Column at Enterprise Systems Journal.

This week marks the start of a new sideline for me. Jim Powell, editor of Enterprise Systems Journal, has asked me to write a column for them covering the same kinds of material I talk about here. The first column, Bridging the IT Cultural Divide,
ran earlier this week. In it I start to explore an idea I’ve been
trying to work out about oral vs. literate styles of thinking as they
relate to organizations.

Thanks to the indefatigable Buzz Bruggeman for brokering the introduction. And thanks to Jim Powell for his efforts at edting.

UC Berkeley on Information Overload

Certainly one indicator of information overload is that this item has been sitting in my “blog this” queue since October. Nonetheless, it remains an important set of insights about the data and information that is being created on a daily basis. It is an excellent update, by
the folks at the School of Information Management and Systems at the University of California at Berkeley, of a study they first did in 1999.

In the early days of my career, we thought the problem was to capture and record the information managers needed to make effective business decisions.
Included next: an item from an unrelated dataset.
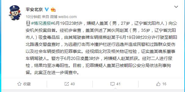 中新网6月20日电 据北京市公安局官方微博消息:6月19日23时许,嫌疑人盖某(男,27岁,辽宁省沈阳市人)向公安机关投案自首。经初步审查,盖某供述了其伙同赵某(男,35岁,辽宁省沈阳市人)吸食毒品后,由其驾驶套牌车辆搭乘赵某于6月19日9时20分许行驶至朝阳北路遇交警盘查时,为逃避打击而冲撞护栏逆行逃逸并造成民警和过路群众受伤以及社会车辆受损的犯罪事实。经视频比对及相关物证检验,证实盖某确系肇事车辆驾驶人。警方于6月20日凌晨3时许,将嫌疑人赵某抓获。经对二人进行尿检,结果均呈冰毒阳性。目前,犯罪嫌疑人盖某已被朝阳公安分局依法刑事拘留。此案正在进一步调查中。

We’ve more than solved the capture and recording side of the problem; what we’re now working out is how to solve the problem created by that “solution.”

Information Overload.

Feeling a bit overwhelmed by information? This site will open your eyes.

Alan Kucheck (a Borland VP)
tipped me off to this research. Perhaps this explains why he doesn’t have is own
Weblog. 😉

If you created 800 MBytes of new information last year, congratulations: You’re as prolific as the average person on the planet.

That’s a big number, but it will likely grow faster than we can imagine. This is the
“information tsunami” that we refer to from time-to-time. Although MyST and MySmartChannels are far from the solution to this rapid per-capita growth of content, they do represent useful tools for chipping away at many of the information problems that are best addressed by lose-coupling applications.